Dans le même temps, le consortium de médias travaillant sur les Pandora Papers, une cache de 11,8 millions de fichiers de données offshore ayant fait l’objet d’une fuite, a indiqué que les procureurs avaient identifié au moins 43 reliques toujours conservées dans dix musées du monde entier et qui étaient passées entre les mains de Latchford ou de ses associés. Les Pandora Papers ont également révélé que Latchford avait des liens étroits avec des trusts offshore.

“Les pratiques n’ont pas changé depuis 2013. Il y a une longue liste de retours attendus de la part des musées”, explique Eric Bourdonneau, l’universitaire français qui a identifié une série de sculptures pillées dans un temple de la capitale khmère du Xe siècle, Koh Ker, entraînant des restitutions de la part des musées la Norton Simon Collection de Pasadena, en Californie, ainsi que le Met.

Andy Sinclair, porte-parole du Denver Art Museum, a déclaré à The Art Newspaper que le musée avait “retiré” les objets de Latchford en septembre.

Depuis l’inculpation de Latchford à New York pour trafic d’art en 2019, “le musée est en conversation avec les gouvernements américain et cambodgien au sujet de ces objets et de leur restitution”, explique Sinclair.

Le musée de Denver a initialement acquis auprès de Latchford deux artefacts : une statue de 130 cm de haut de Prajnaparamita, la déesse de la sagesse transcendante, provenant d’Angkor, et une statue d’un Dieu Soleil enregistrée comme étant de la période pré-Angkor. Ils ont également acheté une gravure de linteau représentant le sommeil de Vishnu et une ancienne cloche en bronze. Le musée indique qu’il “mène également des recherches sur deux objets de Thaïlande” provenant de Latchford : une armoire du XVIIIe ou du XIXe siècle et un vaisseau ancien.

Le musée avait un lien particulier avec Latchford par l’intermédiaire de son amie Emma Bunker, avec qui il a co-publié des catalogues sur l’art khmer. Bunker, décédée en février, était consultante et conférencière pour le musée de Denver et membre de son conseil d’administration. En 2011, elle a été mandatée en tant qu’experte par Sotheby’s lorsque celle-ci a tenté de vendre une sculpture du guerrier hindou Duryodhana. La relique a dû être restituée en 2013 lorsque le Cambodge a fourni des preuves du pillage.

Depuis des décennies, les spécialistes soupçonnent que des dizaines de pièces apparaissant sous le titre de Skanda Trust étaient en fait sa propriété.
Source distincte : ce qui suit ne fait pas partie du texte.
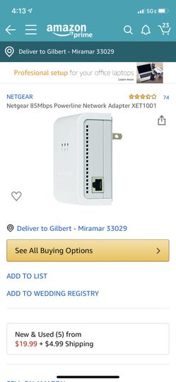 Netgear 85Mbps Powerline Network Adapter XET1001$15Miramar, FL

Une source directement impliquée dans l’affaire a confirmé les liens de Latchford avec une société offshore nommée Skanda – mais a nié qu’il s’agissait d’une réaction à l’enquête américaine. “Skanda a en fait été créée en 2009, pour des raisons fiscales liées à l’héritage, avant que tout cela ne se produise”, explique la source. Plus tard, la collection a été placée sous le contrôle d’un nouveau trust nommé Siva, tandis que les actifs financiers étaient gérés par le Skanda Trust, basé à Jersey.

Une partie des œuvres d’art avait déjà été rendue au Cambodge par la fille de Latchford

La fille de Douglas Latchford, Julia, a décidé de restituer l’intégralité de la collection khmère de son père au Cambodge après sa mort. Cependant, elle a déclaré à The Art Newspaper qu’elle n’a pas agi sous la menace de perdre les actifs financiers des États-Unis. “Elle n’a jamais été inculpée de quoi que ce soit, et n’a jamais été accusée de trafic d’objets ou d’argent”, explique une source proche de la famille.

“Elle a progressivement compris que son père avait pu l’induire en erreur. Plus elle apprenait, moins elle était sûre de pouvoir séparer les objets acquis légitimement. En fin de compte, elle avait le sentiment que tout le lot appartenait au Cambodge.”

La même source insiste sur le fait que la fille de Latchford “coopère pleinement avec les autorités cambodgiennes, fournissant des informations et des documents non seulement sur les transactions de son père mais aussi sur celles du marché de l’art khmer”.

On pense que sa coopération pourrait conduire à de nouvelles découvertes dans les collections américaines.